- _Provided records_
-- Opening Marker --
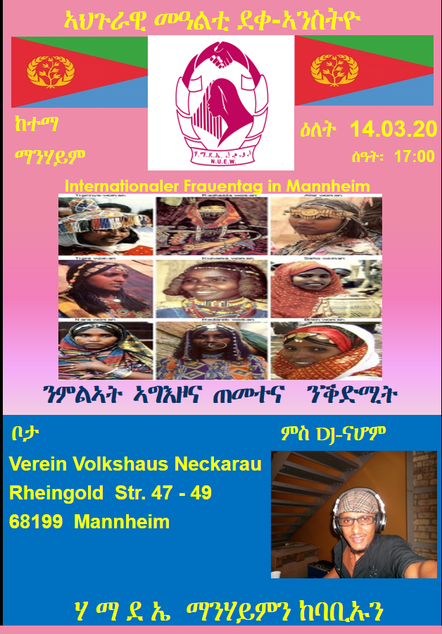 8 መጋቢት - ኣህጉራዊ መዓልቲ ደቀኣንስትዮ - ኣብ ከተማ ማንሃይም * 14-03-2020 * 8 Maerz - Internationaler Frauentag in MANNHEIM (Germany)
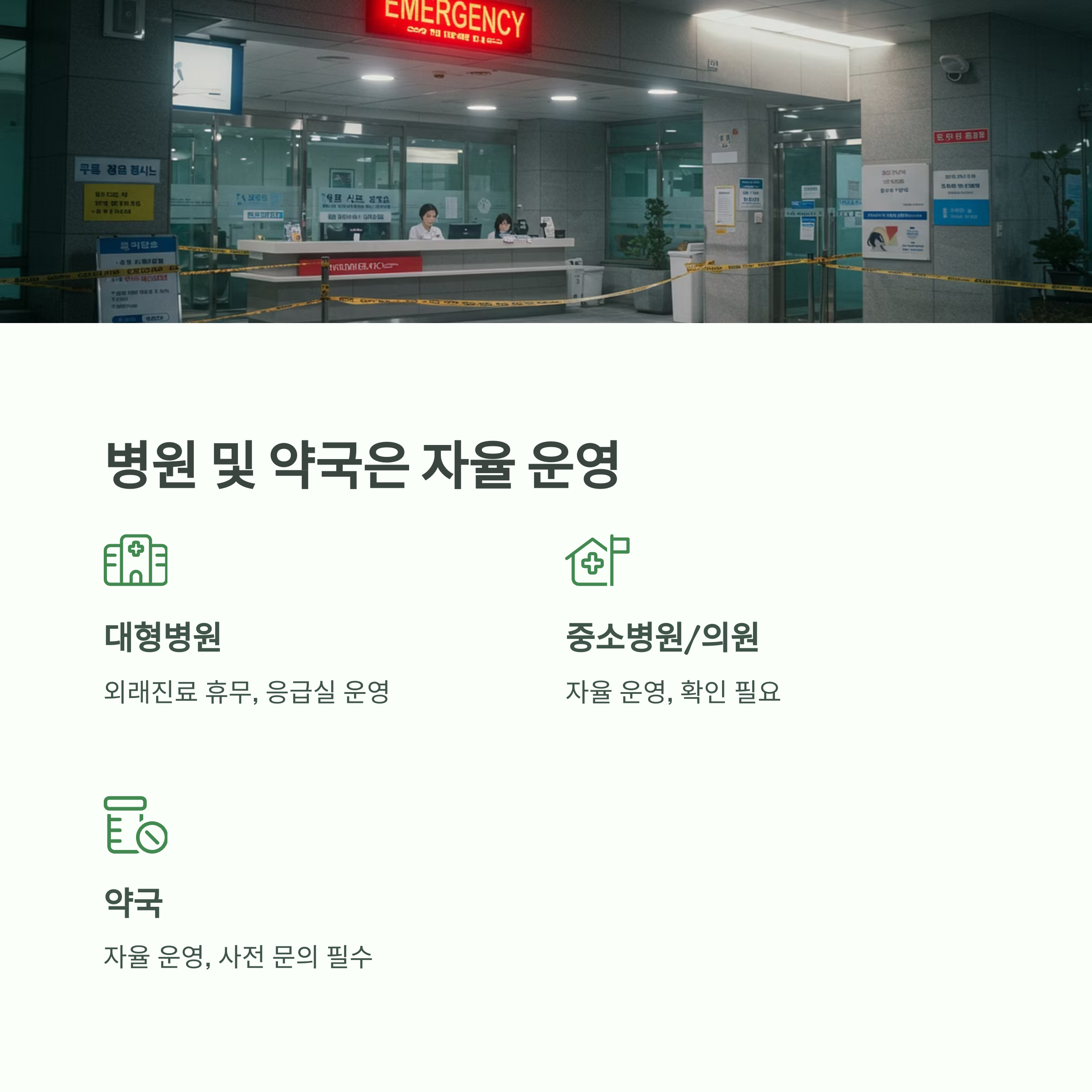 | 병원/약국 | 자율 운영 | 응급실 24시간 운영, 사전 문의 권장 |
-- Closing Marker --
-- Opening Marker --
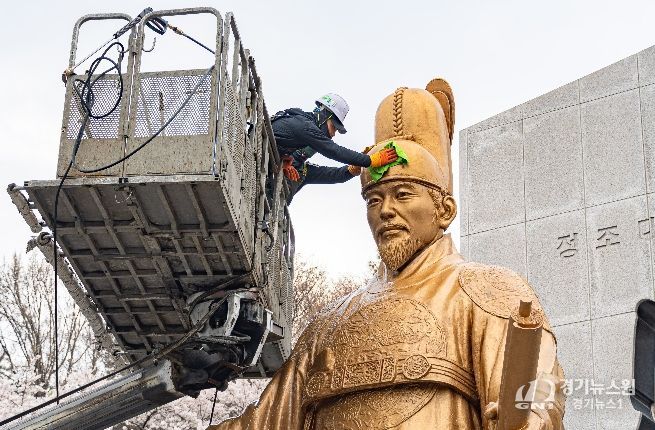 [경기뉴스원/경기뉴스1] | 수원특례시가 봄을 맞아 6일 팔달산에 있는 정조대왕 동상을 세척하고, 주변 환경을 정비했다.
-- Closing Marker --
-- Opening Marker --
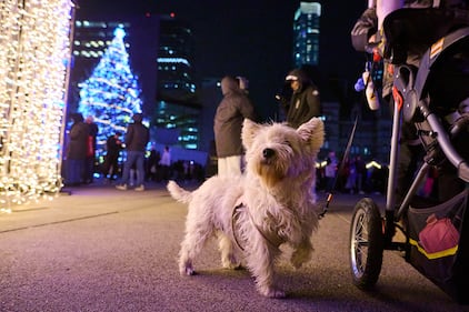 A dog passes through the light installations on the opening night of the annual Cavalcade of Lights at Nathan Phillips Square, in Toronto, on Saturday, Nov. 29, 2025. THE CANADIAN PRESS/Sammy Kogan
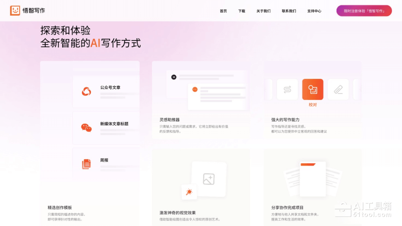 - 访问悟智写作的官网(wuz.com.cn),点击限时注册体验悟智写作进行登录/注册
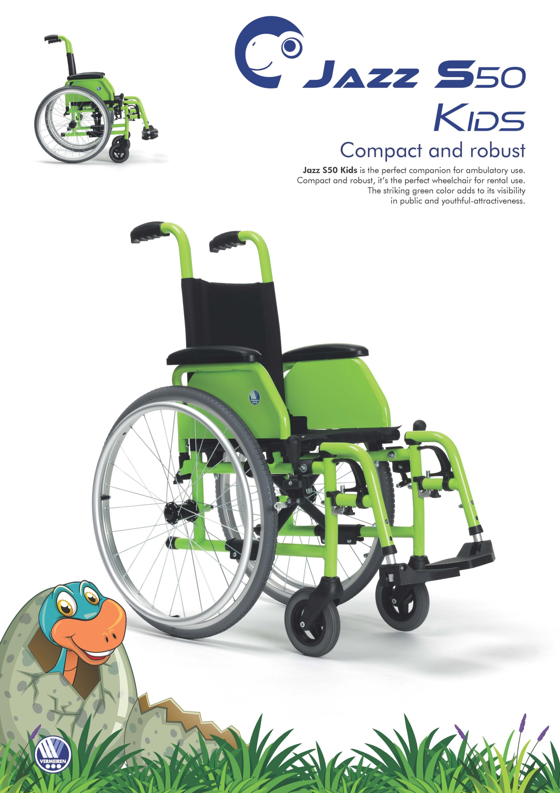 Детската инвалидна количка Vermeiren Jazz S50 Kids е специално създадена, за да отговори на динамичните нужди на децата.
-- Closing Marker --
- _What you will do_
Using the data above, retype exactly the lines from the line with "A dog passes" to the line with "Детската инвалидна количка", inclusive. No pictures and nothing else.

- _Output of the task_
 A dog passes through the light installations on the opening night of the annual Cavalcade of Lights at Nathan Phillips Square, in Toronto, on Saturday, Nov. 29, 2025. THE CANADIAN PRESS/Sammy Kogan
 - 访问悟智写作的官网(wuz.com.cn),点击限时注册体验悟智写作进行登录/注册
 Детската инвалидна количка Vermeiren Jazz S50 Kids е специално създадена, за да отговори на динамичните нужди на децата.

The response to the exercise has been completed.